Description: load the NFT-SEC-01 setup corpus (3-flight cumulative dataset with deflated covariance × 1.53); query each Derkachi frame; record the top-1 candidate for each. Pass if the poisoned tile is top-1 in fewer than the relaxed-CI threshold (the relaxation per AC-text 2026-05-09).

Input data: NFT-SEC-01 setup corpus.

Expected result: poisoned-tile top-1 rate within AC-NEW-7 relaxed CI.

Max execution time: 5 min.


C2-IT-04: scale-ratio invariance on satellite re-loc

Summary: when the nav-camera scale changes (e.g., altitude shift), VPR top-K still surfaces the correct tile.

Traces to: AC-8.6 (scale-ratio half)

Description: synthetically scale the Derkachi normal-segment frames by ±20% (mimicking altitude variation); assert recall@10 stays ≥ 0.85 across the scale sweep.

Input data: flight_derkachi/scaled_+20%/ and flight_derkachi/scaled_-20%/ (generated via deterministic resize).

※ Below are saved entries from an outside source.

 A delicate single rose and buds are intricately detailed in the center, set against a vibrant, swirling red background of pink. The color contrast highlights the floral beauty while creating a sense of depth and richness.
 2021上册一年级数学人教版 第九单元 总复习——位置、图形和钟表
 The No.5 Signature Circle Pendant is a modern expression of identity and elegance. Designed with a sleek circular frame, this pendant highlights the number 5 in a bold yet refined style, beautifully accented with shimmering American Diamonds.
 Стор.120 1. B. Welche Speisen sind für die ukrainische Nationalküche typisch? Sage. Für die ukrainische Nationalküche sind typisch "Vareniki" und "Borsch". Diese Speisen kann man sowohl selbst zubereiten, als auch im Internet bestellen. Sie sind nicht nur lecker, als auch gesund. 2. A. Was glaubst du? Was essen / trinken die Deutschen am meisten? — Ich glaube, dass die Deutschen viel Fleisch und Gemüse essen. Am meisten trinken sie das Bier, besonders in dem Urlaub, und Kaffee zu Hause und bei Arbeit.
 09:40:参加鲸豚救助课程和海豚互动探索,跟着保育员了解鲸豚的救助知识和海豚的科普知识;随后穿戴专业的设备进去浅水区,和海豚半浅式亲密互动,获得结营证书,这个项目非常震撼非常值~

Expected result: recall@10 ≥ 0.85 at both scale extremes for UltraVPR.

Max execution time: 90 s.


Performance Tests

C2-PT-01: backbone forward + HNSW lookup budget on Tier-2

Traces to: AC-4.1

Load scenario: 3 Hz frame rate, 10 min replay; corpus size 87 654 tiles (Derkachi area at 0.5 m/px).

Expected results:

Metric Target Failure Threshold
embed_query p95 ≤ 60 ms (UltraVPR / FP16) 100 ms
retrieve_topk(k=10) p95 ≤ 2 ms (HNSW) 10 ms
Combined p95 ≤ 65 ms 110 ms

Resource limits:

  • GPU memory: ≤ 600 MB resident for backbone weights.
  • System memory: ≤ 200 MB for the mmap'd FAISS index handle.

Security Tests

C2-ST-01: index-handle invalidation safety

Summary: after C10 rebuilds the FAISS index (post-takeoff is FORBIDDEN, but unit-level safety check), the previous handle held by C2 must not silently return stale results.

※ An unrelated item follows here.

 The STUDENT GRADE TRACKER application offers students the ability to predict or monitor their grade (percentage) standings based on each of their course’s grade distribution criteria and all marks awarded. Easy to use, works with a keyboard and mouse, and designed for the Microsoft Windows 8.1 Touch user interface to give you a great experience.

Traces to: defensive — no AC trace; backstops a code-injection / config-drift mode that AC-NEW-7 already covers at the suite level.

Test procedure:

  1. Build a tiny 100-tile FAISS index; mmap it through C2.
  2. Replace the underlying file (simulating an out-of-band rebuild, which is FORBIDDEN at flight time per D-C10-3 but defended-in-depth here).
  3. Call retrieve_topk and assert C2 raises IndexUnavailableError rather than returning stale candidates.

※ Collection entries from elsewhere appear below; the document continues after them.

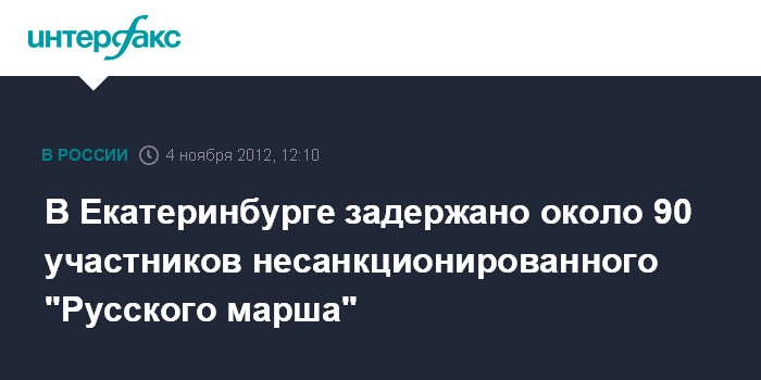 Екатеринбург. 4 ноября. INTERFAX.RU - Сотрудники полиции задержали порядка 90 человек, которые собрались в воскресенье днем на несанкционированный митинг на площади Кирова в Екатеринбурге в рамках "Русского марша".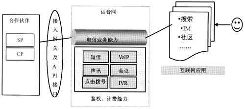 電信各種業(yè)務能力經(jīng)過封裝后以Web Services的方式向外開放,由互聯(lián)網(wǎng)應用調(diào)用這些服務能力,提供基于互聯(lián)網(wǎng)的新型話音型業(yè)務,互聯(lián)網(wǎng)應用提供商作為SP與電信運營商進行收入分成,同時又有大量的CP作為新型話音應用的內(nèi)容提供商加入價值鏈,運營商在價值鏈上充當主導作用。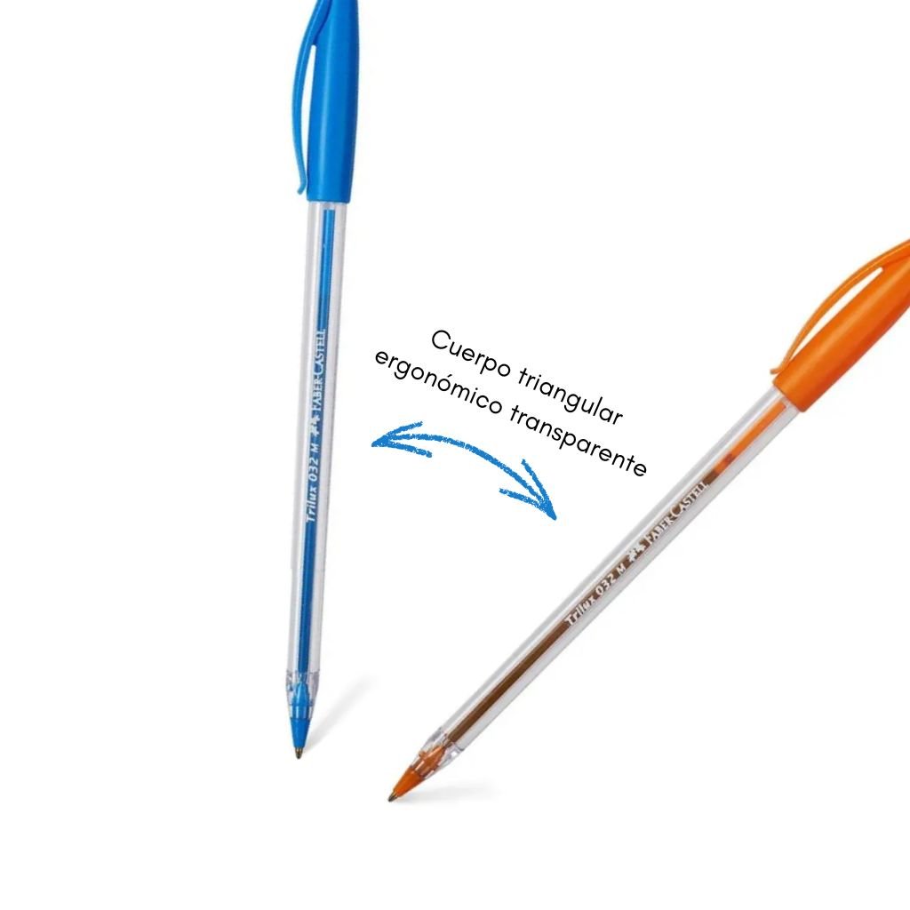 Bolígrafo con cuerpo triangular transparente de tinta seca. Punta metálica media de 1, mm. Tapa con sistema antiasfixia.

Pass criteria: IndexUnavailableError raised; no candidates returned. Fail criteria: any candidate returned.


Acceptance Tests

C2 contributes to AC-2.1b / AC-8.6 via the suite-level FT scenarios. No additional C2-only acceptance tests.


Test Data Management

Data Set Description Source Size
synthetic_vpr/diverse_100f/ 100 diverse synthetic frames for invariant checks generated, deterministic ~50 MB
flight_derkachi/normal_segment_60_stills/ shared with C1 curated shared
flight_derkachi/scaled_±20%/ scale-ratio sweep generated from above ~40 MB
Derkachi FAISS corpus C10's output, consumed read-only C10 build artifact ~200 MB

Setup procedure:

  1. C10 must have built the Derkachi FAISS index (this is a Step-5-test-side prereq; in the test runner, the corpus is staged from tests/fixtures/cache_artifacts/).
  2. Synthetic + scaled fixtures generated by deterministic scripts.

Teardown: corpus is read-only; nothing to clean up.

Data isolation: each test gets its own tests/tmp/c2/<test-id>/.